Большинство жителей города были на ногах, но внимание было все еще обращено не на окна и улицы, а в телевизор. После того как в прямой трансляции из Национального театра Сунай Заим сказал, что это не спектакль, а переворот, солдаты начали усмирять шумевших в зале, и, когда уносили на носилках раненых и трупы, на сцену поднялся заместитель губернатора Умман-бей, его хорошо знал весь Карс, и обычным официальным, нервным голосом, который, однако, вызвал доверие, несколько скованно, поскольку впервые был на прямой трансляции, объявил, что на следующий день до двенадцати часов в Карсе запрещается выходить из домов. Так как на сцену, которую он приказал освободить, после него никто не поднялся, то в последующие двадцать минут жители Карса видели по телевизору занавес Национального театра, затем трансляция была прервана, а потом вновь появился тот же старый занавес на сцене. Через какое-то время он начал медленно раздвигаться, и вечер вновь повторили по телевизору.
У большинства зрителей в Карсе, сидевших у телевизоров и пытавшихся понять, что произошло в городе, это вызвало страх. Полупьяных и сонных людей охватывало чувство какой-то путаницы во времени, из которой невозможно было выбраться, а другим казалось, что этот вечер и эти выстрелы повторятся. Некоторые зрители, безразличные к политической стороне происходящего, восприняли это повторение вечера, так же как это сделаю и я спустя много лет, как возможность понять то, что произошло в Карсе той ночью, и принялись внимательно смотреть.
Таким образом, пока зрители Карса вновь смотрели на то, как Фунда Эсер изображает бывшую женщину премьер-министра и, плача, принимает клиентов из Америки, или на то, с какой искренней радостью она исполняет танец живота после насмешек над рекламными клипами, областное отделение Партии равенства народов, находившееся в деловом центре Халит-паши, без единого звука было захвачено бригадой Управления безопасности, специализировавшейся на таких делах, и был задержан единственный человек, который находился там, курдский уборщик, а все тетради и бумаги в ящиках и в шкафах были конфискованы. Те же полицейские на бронированных машинах по очереди забрали членов комитета областного отделения партии, дорогу к домам которых они узнали во время обысков предыдущей ночью, задержав их по обвинению в курдском национализме и стремлении к сепаратизму.

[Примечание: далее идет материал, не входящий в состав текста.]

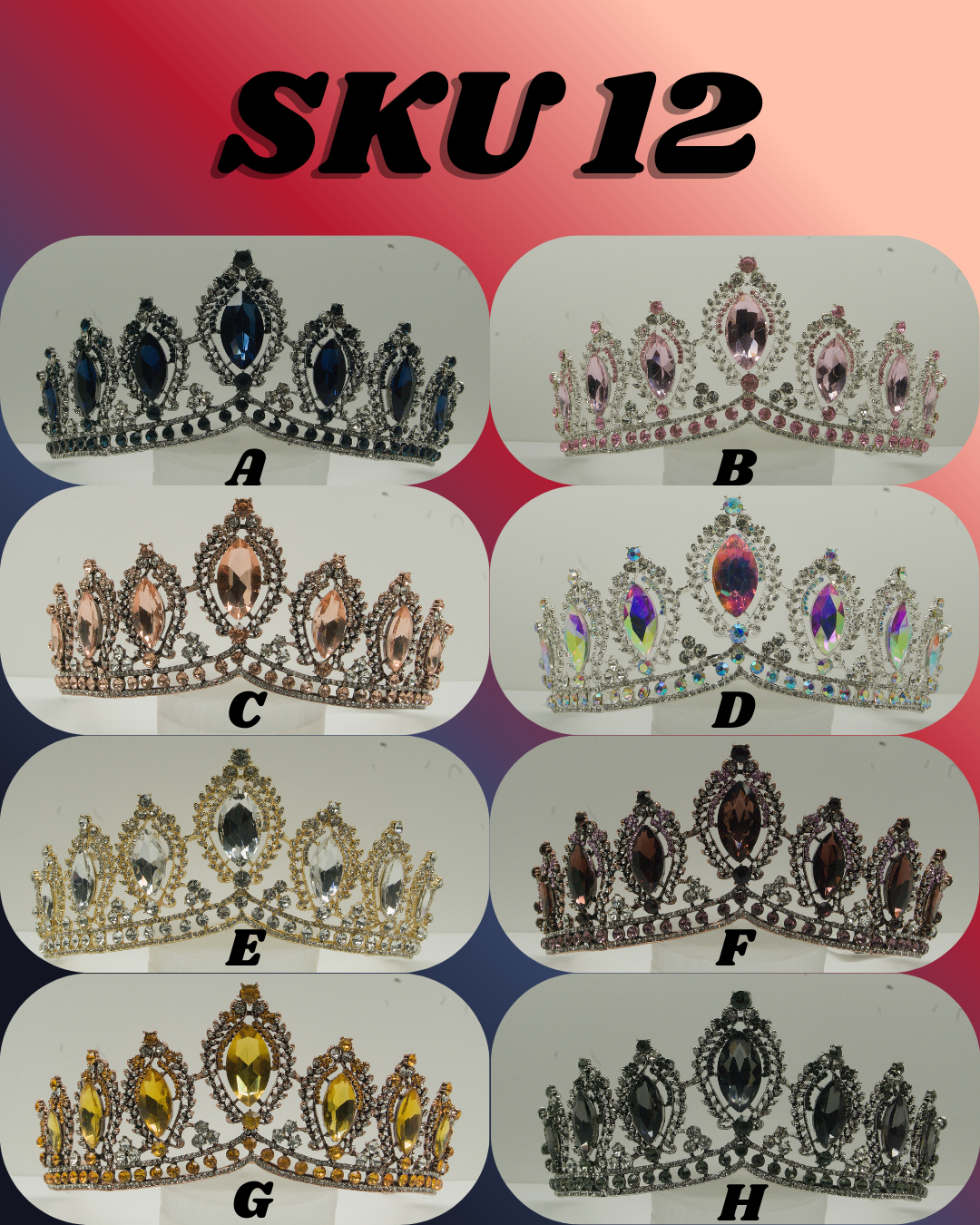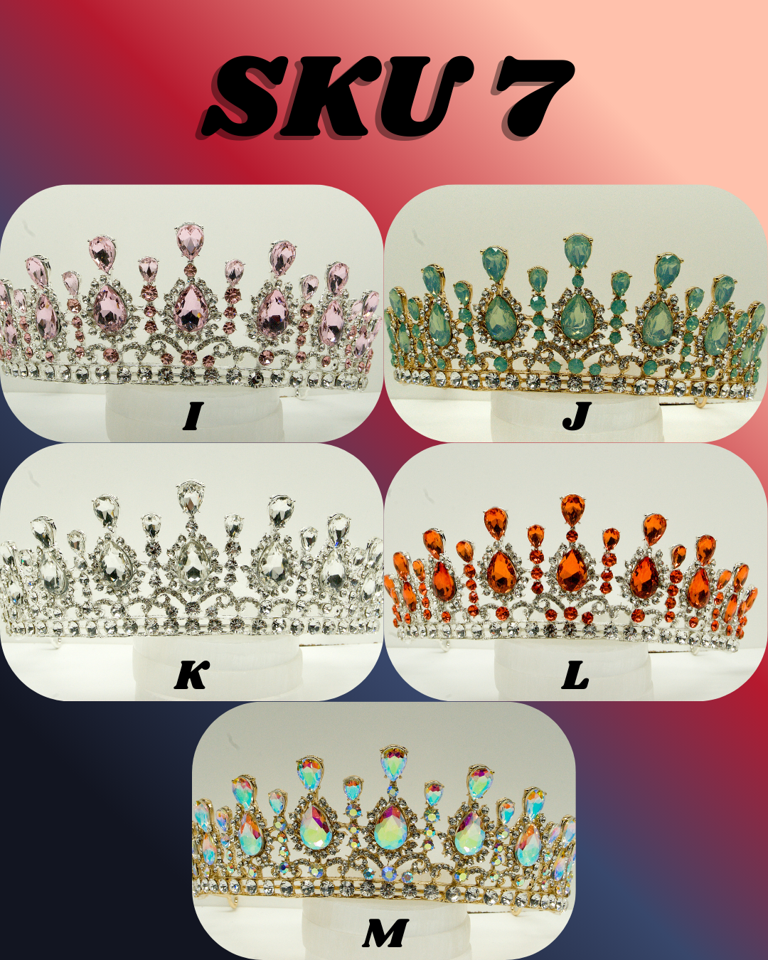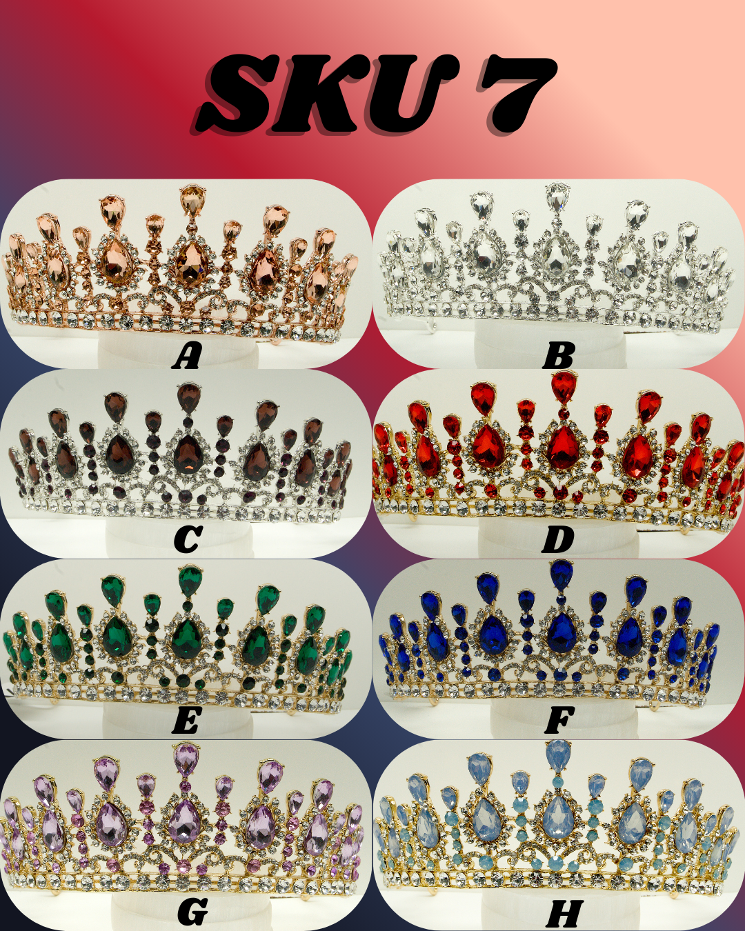 Crown diversity is what sells the most. The best way to order is tell me the quantity you would like and I will make the most diverse lot possible. Another way to order is tell me how many you would like and give me guidance on what colors you want more of and what you want less of. Another way to order is to pick exactly what you want. Order by SKU and then the letter by each Crown. BookViking@gmail.com

Но не только они были курдскими националистами в Карсе. Три трупа, оказавшиеся в сожженном такси марки «Мурат», найденном рано утром в начале дороги на Дигор до того, как ее засыпало снегом – согласно сообщению сил Управления безопасности, – принадлежали к воинствующим сторонникам РПК. Эти трое молодых людей, предпринимавших попытки несколько месяцев назад проникнуть в город, испугались того, что произошло вечером, и решили на такси сбежать в горы, увидев, что дороги завалены снегом, потеряли присутствие духа, а когда между ними возникла ссора, один из них взорвал бомбу, и все погибли. К делу не было приложено заявление матери одного из погибших, которая работала уборщицей в больнице, о том, что ее сына в действительности увели неизвестные вооруженные люди, позвонившие в дверь, и заявление старшего брата водителя такси о том, что его брат не был не только курдским националистом, но и даже курдом.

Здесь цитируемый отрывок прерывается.